Based on clinical record review and interviews with staff the hospital failed to ensure that the medical record for 1 of 11 (Patient #1) patients reviewed contained the appropriate information regarding allergies. The findings include:
a. Patient (P) #1 had been previously admitted to the hospital on 8/27/13 and the electronic medical record (EMR) Program A indicated P#1 had no known drug allergies (NKDA). According to the EMR on 9/3/13 an allergy to Vancomycin was added to P#1's profile.

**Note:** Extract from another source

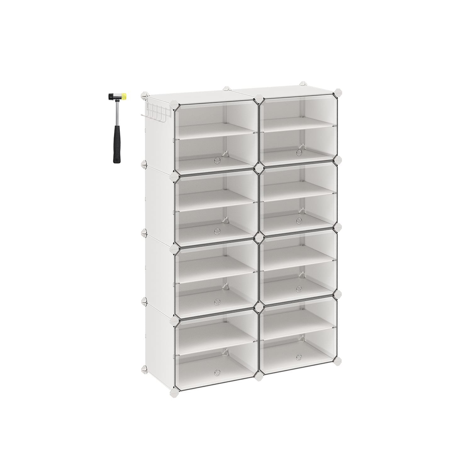 Skoställ, 8-kubers skoställ med dörrar, 32 par skoförvaringsskåp i plast, stålram, vit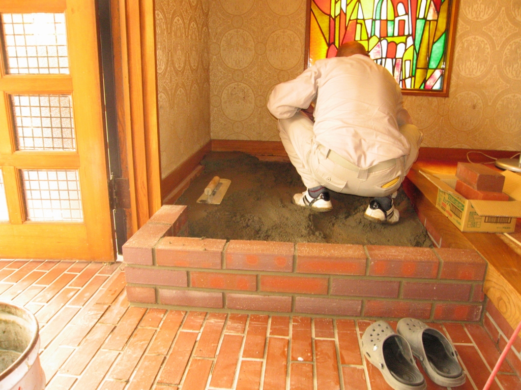 吹き抜けの玄関にお客様憧れの暖炉を設置しました。 1階2階ともに家全体が暖かくなったのはもちろんのこと、見ているだけでも心地よい気分になり癒されます。 高熱に対してもレンガや耐熱板でばっちり施工させていただきました。 外部にはお客様自家製のマキ小屋も配置されています。

b. On 9/13/13 the hospital underwent an EMR conversion from EMR Program A to EMR Program B. Interview with the Clinical Information Officer (CIO) on 12/11/13 at 3:30 PM identified that on the day of the EMR conversion, the facility was aware that the two systems did not transfer identified information including allergies. Therefore identified areas of all current (9/13/13) inpatient medical records were cross referenced from Program A to Program B and information was compared and updated, including allergies. Upon surveyor inquiry the CIO indicated this was the usual plan used by facilities when converting one EMR to another.
c. During admission to the hospital on 10/3/13 P#1 and his/her family indicated to the admitting nurse that P#1 did not have any known drug allergies. P#1 was admitted to the hospital with diagnoses that included gastrointestinal and ovarian cancer. Upon admission the EMR Program B failed to identify P#1's allergy to Vancomycin previously identified in EMR Program A.
d. Upon admission P#1 was diagnosed with septic shock and Vancomycin was started. P#1 received Vancomycin 1.25 grams intravenous once on 10/3/13 at 7:08 PM and a second dose of Vancomycin 1.5 grams was administered on 10/5/13 at 9:51 PM.
e. On 10/6/13 P#1 developed skin excoriation, shortness of breath, increased heart rate and he/she required administration of oxygen. P#1 was transferred to the medical intensive care unit (MICU). In the MICU the medical team reviewed P#1's prior electronic medical record (Program A) and noted the documentation of an allergy to Vancomycin. The Vancomycin was discontinued and P#1 was treated with alternate antibiotics. P#1's condition deteriorated and palliative care was initiated in consultation with his/her family and given P#1's poor prognosis. P#1 expired on 10/24/13.
f. Interview with the Chief Medical Officer (CMO) on 12/12/13 at 1:15 PM, the CMO indicated the cause of P#1's deterioration and subsequent demise was related to sepsis and the advanced ovarian cancer.